Glioblastoma (GBM) is a brain tumor with a poor prognosis and therapies to date have failed to improve survival. Now, researchers at Vanderbilt-Ingram Cancer Center have demonstrated in a Phase I clinical trial that the DNA methylome can be modified in GBM.
The researchers showed for the first time that the DNA methylome of these brain tumors can be reprogrammed. The study was published in Cancer Research Communications, in a paper titled, “Phase I Study of High-Dose l-Methylfolate in Combination with Temozolomide and Bevacizumab in Recurrent IDH Wild-Type High-Grade Glioma,” and led by Stephen Clark, MD, PhD, a neuro-oncologist at Vanderbilt-Ingram Cancer Center.
The researchers sought to determine if re-methylation of IDH wild-type tumors could improve survival. They demonstrated that the DNA methylome of IDH wild-type, high-grade gliomas could be reprogrammed, but the study group was too small to ascertain the impact on survival.
“This is an important first step in understanding how we can manipulate the epigenome, and hopefully, this study will help design future epigenetic studies in glioblastoma treatment,” said Clark, who is assistant professor of neurology in the division of neuro-oncology at Vanderbilt University Medical Center.

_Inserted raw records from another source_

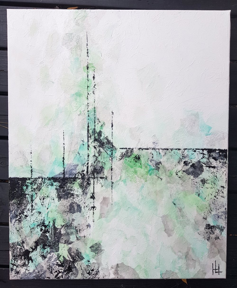 Työn pohjalla tauluni ”Mint” johon asiakas oli ihastunut. Nimi ja muoto liittyvät asiakkaan elämäntilanteeseen.
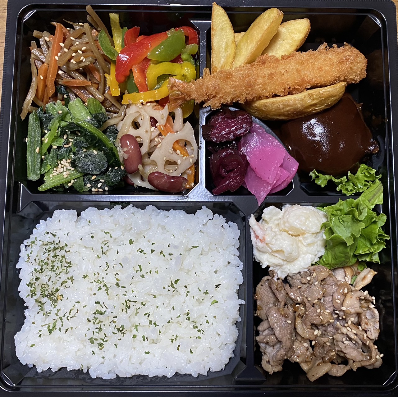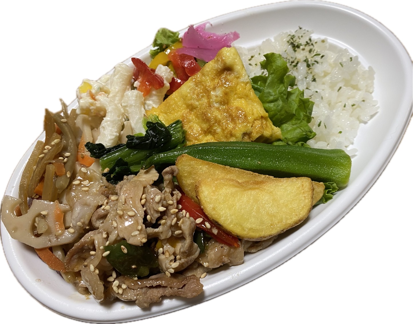 焼肉・フライドポテト・玉子焼き・マカロニサラダ・パプリカナムル・レンコンきんぴら・ほうれん草おひたし・オクラ・ごはん
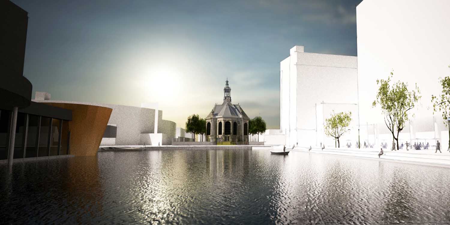 In het plan Spui Haven krijgt De Nieuwe Kerk krijgt haar dominante barokke positie in de stedenbouwkundige structuur van Den Haag weer terug. Onzichtbaar vanaf Zieken en Hofweg door haar teruggeplaatste positie in de kerktuin zal zij zich weer majesteus spiegelen in het water van Spui Haven, net als in 1656 toen door Republiek en stad tot de bouw van de kerk op deze locatie werd besloten. Die geraffineerde, prachtige ligging van de Nieuwe Kerk in de as van de gracht tussen de kades van Houtmarkt en Turfmarkt is inspiratiebron voor vele schilderijen en foto’s geweest. Dat beeld wordt terug gebracht met het Plan Spui Haven als drag.
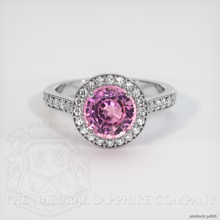 The ring features a beautiful, transparent 2.15 carat round shape pink sapphire with the dimensions of 7.63 x 7.60 x 4.65 mm and a mixed brilliant cut. It has a clarity grade of very slightly included (evaluated at eye level), medium intense color saturation, and an excellent polish. The origin of this sapphire is Ceylon (Sri Lanka).
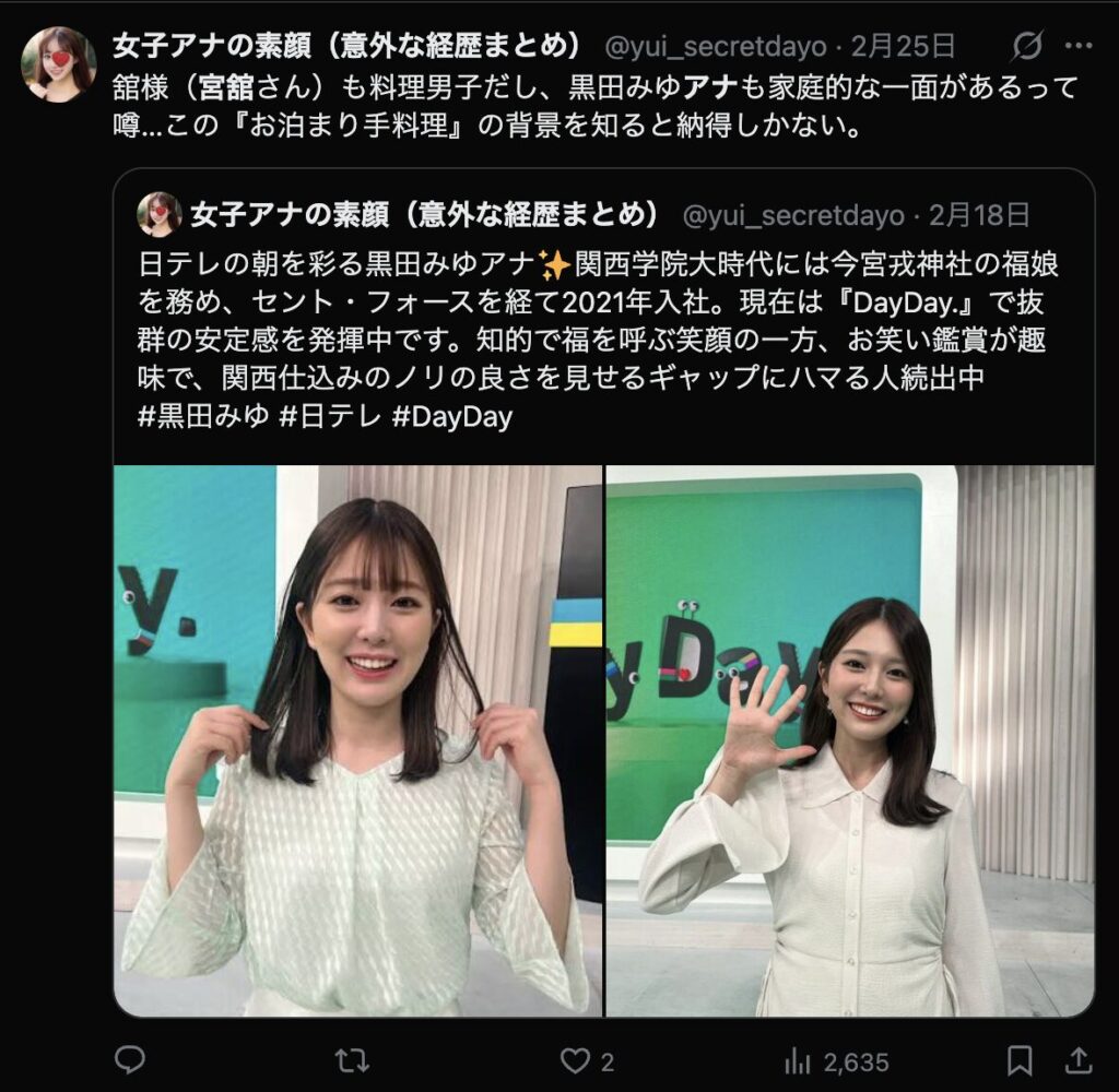 黒田みゆアナとの共演歴は?組み合わせが話題に
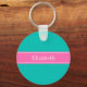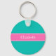 Solid Teal, Hot Pink #2 Ribbon Name Monogram Key Ring

The study provides greater insight into the dynamics of epigenetic reprogramming, which is an emerging treatment for enhancing immunotherapies.
“Epigenetic reprogramming is not a new concept; for instance, a DNA methyltransferase inhibitor treatment (5-Azacytidine) has been studied and is approved for the treatment of some leukemias. What is exciting about this work is that L-methylfolate acts oppositely to 5-Azacytidine; it increases the availability of the active folate for the DNA methyltransferases. Consequently, it could remethylate and repress genes activated during tumorigenesis,” said Lucas Salas, MD, PhD, assistant professor of epidemiology at the Geisel School of Medicine at Dartmouth and investigator in the Cancer Population Sciences Research Program at Dartmouth’s Norris Cotton Cancer Center.
The researchers plan to expand the study to include a larger group with a Phase II clinical trial of patients with recurrent glioblastoma. Future studies could also include combinations of epigenetic drugs with immunotherapy.